Now what I have done is that I have taken the orbital derivative of $x^2 + y^2$. This gives

$$\frac{dV}{dt} = 2x\dot x + 2y \dot y = 2x(-x+\alpha y) - 2y^2$$

Now I say at the edge of this disk we have $x^2 + y^2 = 1$ so I now get

$$\frac{dV}{dt}= -2 +2x\alpha y$$

and I want $\frac{dV}{dt} < 0$ so from this I conclude that $\alpha < \frac{1}{xy}$.

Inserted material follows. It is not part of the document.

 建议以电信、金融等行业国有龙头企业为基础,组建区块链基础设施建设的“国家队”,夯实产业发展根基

Now here I am just looking for some clarification. If I have done this wrong can someone please point me in the correct direction. I am not very confident in my answer due to the fact I have not got a actual numerate answer.

Answer 1

Your reasoning is O.K., however I don't think that it will lead to useful results. I would use the inequality $$ 2 x y \le x^2 + y^2. $$ Assume $\alpha \ge 0$. So you have $$ \frac{dV}{dt} = -2 x^2 + 2 \alpha x y - 2 y^2 \le (- 2 + \alpha) (x^2 + y^2), $$ which is $\le - 2 + \alpha$ on the boundary $x^2 + y^2 = 1$ of the disk $B$.

We have thus obtain a sufficient condition, $0 \le \alpha < 2$, for the disk $B$ to be positively invariant.

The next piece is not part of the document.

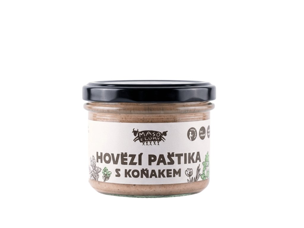 Hovězí paštika s koňakem je ochucena kvalitním koňakem. Obsahuje delikátní bio hovězí játra, bio hovězí maso a vepřové maso. Dochutili jsme ji koňakem, tymiánem, kurkumou a zeleninou pro zvýraznění chuti.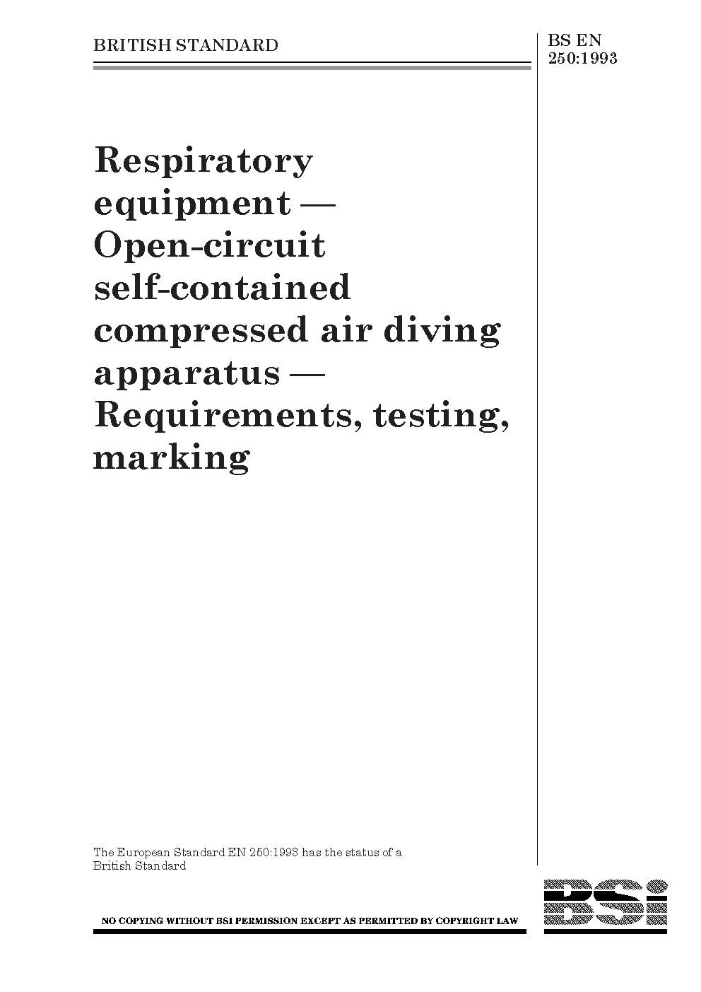Respiratory equipment. Open-circuit self-contained compressed air diving apparatus. Requirements, testing, marking

Regarding necessary conditions, let $\alpha > 2$, and consider the field vector at $(\sqrt{2}/2, \sqrt{2}/2)$. Its $x$-coordinate is bigger than $\sqrt{2}/2$, and its $y$-coordinate is $-\sqrt{2}/2$. So the vector points out of $B$, consequently, the orbit passing through $(\sqrt{2}/2, \sqrt{2}/2)$ leaves the disk $B$.

Answer 2

Using polar coordinates, $x = \cos (\theta)$ and $y = \sin (\theta)$, we obtain

$$\dot V = -2 + 2 \alpha x y = -2 + 2 \alpha \cos(\theta) \sin (\theta) = -2 + \alpha \sin(2 \theta)$$

which is nonpositive for $\alpha \in [-2,2]$.